Underwater diving
Underwater diving is going underwater to do things. There are different reasons to do this:
- Recreational diving is done for fun. It is sometimes called sport diving. It can be done using air from cylinders carried by the diver. This is called scuba diving. It can also be done for shorter dives by holding your breath. This is called freediving or skindiving.
- Military diving is diving for a military purpose.
- Commercial diving is diving to do underwater work. This is done as part of a project where the work must be done under water.
- Scientific diving is diving done to find things out for scientific purposes. It may be part of the job for a scientist, or done by volunteer for a citizen science project.
- Public safety diving is diving done by a public service organisation like the police of a fire department to rescue people or to find and bring back bodies or evidence.
There are also different ways to dive:
- Surface supplied diving gets air for breathing through a hose from a pump above the surface of the water.
- Scuba diving is done with metal cylinders carried by the diver to hold the breathing air. In open-circuit scuba the air comes out of the mouthpiece when the diver breathes in, and goes into the water when the diver breathes out. When a rebreather is used, some of the same air is breathed many times, and the machine puts oxygen into the air to make up for the oxygen that is used up, and takes out the carbon dioxide by using a chemical to absorb it. A rebreather lets the diver use less air, but it can go wrong in more different ways.

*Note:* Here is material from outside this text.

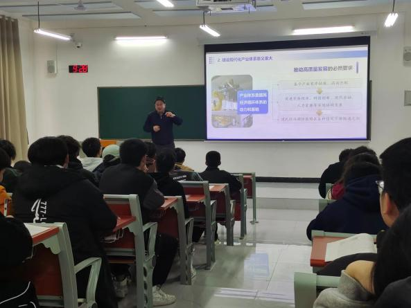 2023年11月22日、12月19日,校党委书记苏向东以“大力推进现代化产业体系建设”为题,分别为材料221、材料222、焊接211、交通211、交运211的学生讲授“形势与政策”课。苏向东结合专业特点,阐述了我国推进现代化产业体系建设的重大意义、面临的困难挑战、现实的方法路径以及青年学子肩负的使命任务。他勉励同学们,要进一步涵养家国情怀,强化使命担当,提升能力本领,扛起时代重担,不负青春韶华,自觉将个人成长成才融入党和国家事业发展的大局大势中,成为德智体美劳全面发展的社会主义建设者和接班人,为今后投身社会主义现代化建设伟大实践积蓄强大力量。

- Saturation diving is diving where the divers stay in pressurised rooms between dives and go to the underwater workplace and return in a sealed diving bell, so they stay at the same pressure for days or weeks at a time before the pressure is reduced to normal air pressure when they finish the contract. The breathing gas is supplied from the surface through a hose so this is also a kind of surface supplied diving.
- Freediving is diving underwater without an air supply. The diver must hold their breath until they get back to the surface.